# Filter Recommendations - 29 Gallon Tank



## DML33 (Sep 10, 2011)

I was given one of those 29 gallon starter aquariums from Walmart and I'm going to use it to start a planted tank. I replaced the hood with a Coralife T5HO 30'' fixture but now I need some recommendations for a new filter. I've heard aquaclear is a good choice but any other suggestions?


----------



## Big_Fish (Mar 10, 2010)

I've got a 29 gal with two Marineland HOT magnum 250's.
I'm pretty sure I could get away with a single 250, but I needed some extra flow,
(the tank is a jungle  ) and had the extra filter sitting on the shelf.


----------



## Left C (Jun 14, 2005)

I have an Eheim Ecco 2236 on my 29g plant grow out tank. It is very easy and quick to set up and get running.


----------



## nap83 (Feb 7, 2006)

Eheim.


----------



## Freerider (Nov 8, 2006)

Eheim of Fluval Canisters if you have the cash. I have an fluval going on 11 years now and ehiems for over 6 years all no problems or replacement parts required.

If you want HOB I would recommend Aquaclear. All the others require you to buy replacement media specific to the filter (or invent your own).

If you are looking for budget filter, I always recommend air driven filters like sponge or box. So simple, cheap and effective.

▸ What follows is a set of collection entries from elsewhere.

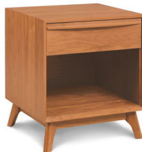
1 Drawer Nightstand 2-CAL-10-XX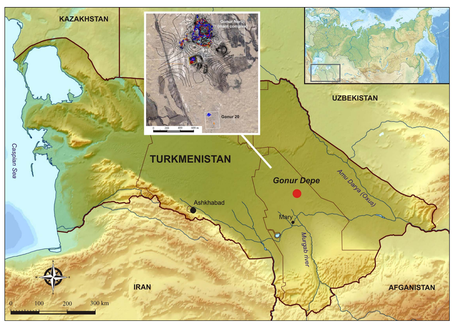
Figure 1. Location of Gonur Depe and Gonur 20.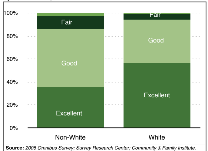
Figure 1.5 Residents' Ratings: Quality of Life in Northwest Arkansas by Earnings Status, 2008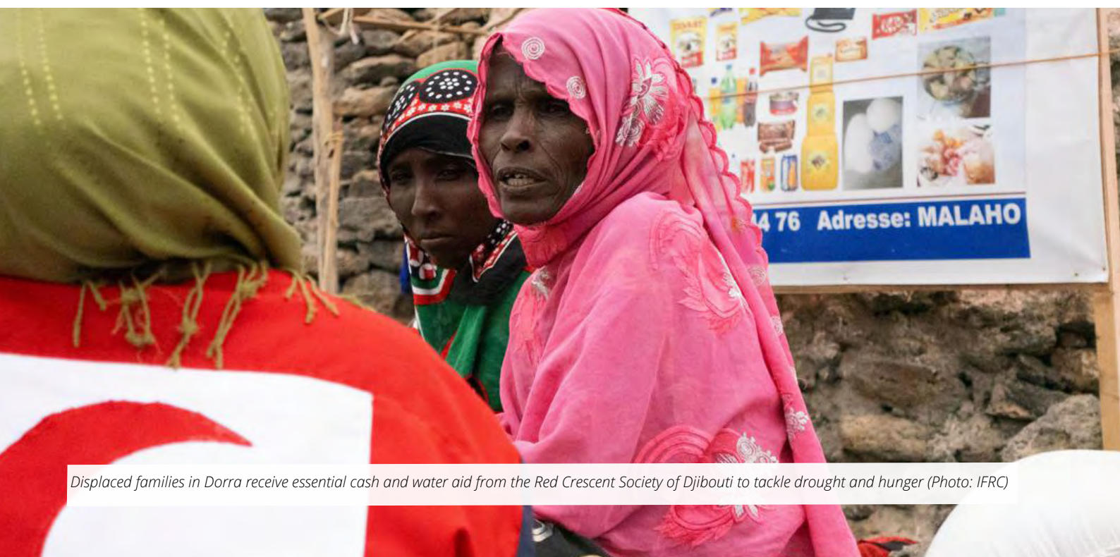
Displaced families in Dorra receive essential cash and water aid from the Red Crescent Society of Djibouti to tackle drought and hunger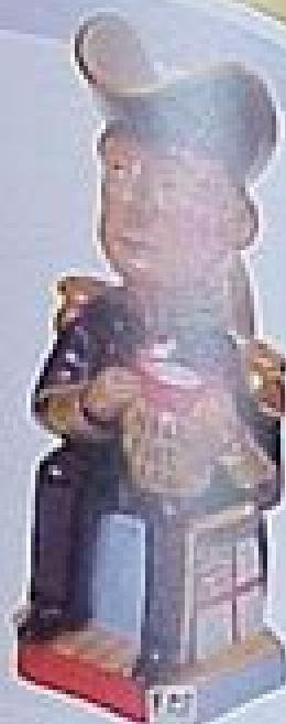
A Wilkinson Toby Jug, designed by Sir Francis Carruthers Gould, in the form of Admiral John Jellicoe, mounted 'The Iron Jack', 1920, 100mm (3 7/8 in) high.

What are you keeping in the tank?


----------



## londonloco (Sep 25, 2005)

I had an xp2 on my planted 29g, worked great. I also had a 2x24W T5HO on the tank, found it was too much light w/out CO2. I ended up using one bulb for 8 hours a day, tank was algae free the entire time I had it set up, which was over 2 years.


----------



## Endler breeder (Sep 25, 2011)

I have a 2 50 Aquaclear on my 29gallon..


----------